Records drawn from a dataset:

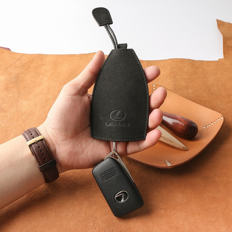 2023翻毛皮汽车钥匙包抽拉保护通用钥匙套大众奔驰宝马奥迪扣座垫
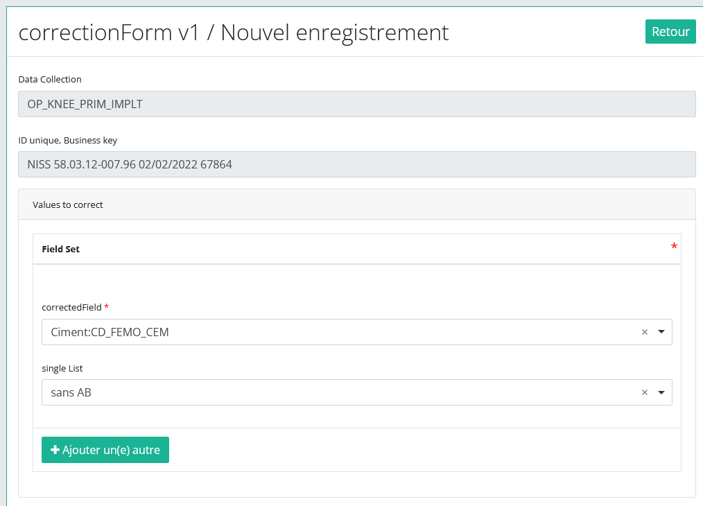 Le nombre de champs à corriger dans un même enregistrement de correction est limité à trois. Vous pouvez ajouter un autre champ à corriger en cliquant sur le bouton « Ajouter un(e) autre ».
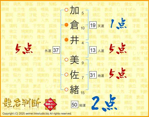 加(5画)倉(10画)井(4画) 美(9画)佐(7画)緒(15画)
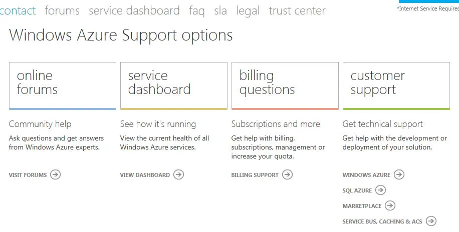 在多个云计算平台中,Azure的服务支持算是比较好的,任务问题都可以提交一个服务单(Support Ticket),网址如下:https://www.windowsazure.com/en-us/support/contact/
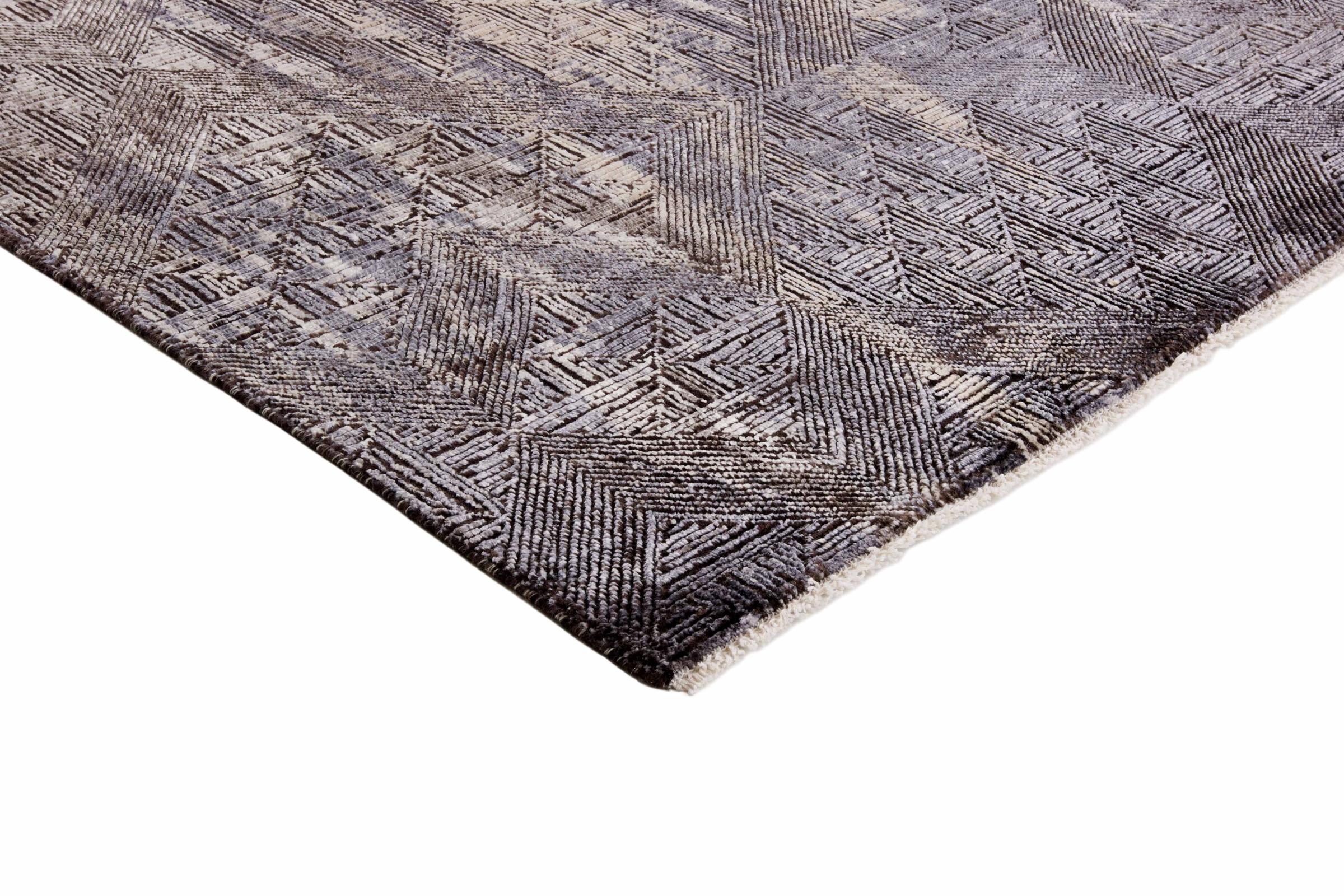 Esta Sadraa es una alfombra de diseño única, anudada a mano durante meses. Sus materiales de alta calidad se combinan con un diseño muy moderno. La alfombra no deja nada que desear. Gracias a la artesanía de las técnicas de anudado tradicionales de Oriente, sobrevive a décadas y a cargas pesadas. Fue creada por diseñadores al estilo escandinavo, que sigue ofreciendo un realce absoluto incluso después de años. En particular, la combinación de suave lana de oveja y brillante seda de bambú o viscosa proporciona una experiencia única.
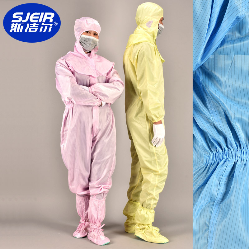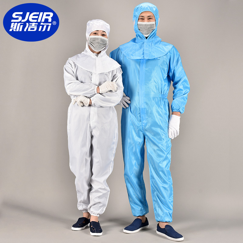 厂家直销防静电连体防尘洁净服蓝色条纹无尘服灰色网格防静电连体
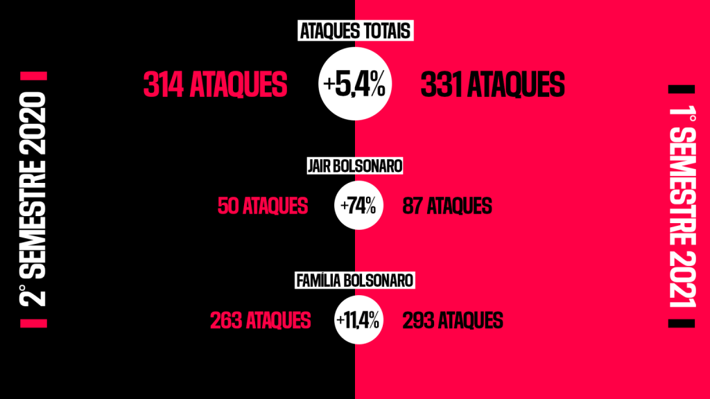 Segundo dados da Repórter Sem Fronteiras, no primeiro semestre de 2021, o número de ataques do chefe de Estado brasileiro contra a imprensa aumentou 74% em relação ao segundo semestre de 2020. Ao todo, Jair Bolsonaro realizou 87 ataques contra jornalistas, número que o torna o principal agressor naquele período.

**Required action**
The records, exactly as written but without images, should be returned.

**Task output**
 2023翻毛皮汽车钥匙包抽拉保护通用钥匙套大众奔驰宝马奥迪扣座垫
 Le nombre de champs à corriger dans un même enregistrement de correction est limité à trois. Vous pouvez ajouter un autre champ à corriger en cliquant sur le bouton « Ajouter un(e) autre ».
 加(5画)倉(10画)井(4画) 美(9画)佐(7画)緒(15画)
 在多个云计算平台中,Azure的服务支持算是比较好的,任务问题都可以提交一个服务单(Support Ticket),网址如下:https://www.windowsazure.com/en-us/support/contact/
 Esta Sadraa es una alfombra de diseño única, anudada a mano durante meses. Sus materiales de alta calidad se combinan con un diseño muy moderno. La alfombra no deja nada que desear. Gracias a la artesanía de las técnicas de anudado tradicionales de Oriente, sobrevive a décadas y a cargas pesadas. Fue creada por diseñadores al estilo escandinavo, que sigue ofreciendo un realce absoluto incluso después de años. En particular, la combinación de suave lana de oveja y brillante seda de bambú o viscosa proporciona una experiencia única.
 厂家直销防静电连体防尘洁净服蓝色条纹无尘服灰色网格防静电连体
 Segundo dados da Repórter Sem Fronteiras, no primeiro semestre de 2021, o número de ataques do chefe de Estado brasileiro contra a imprensa aumentou 74% em relação ao segundo semestre de 2020. Ao todo, Jair Bolsonaro realizou 87 ataques contra jornalistas, número que o torna o principal agressor naquele período.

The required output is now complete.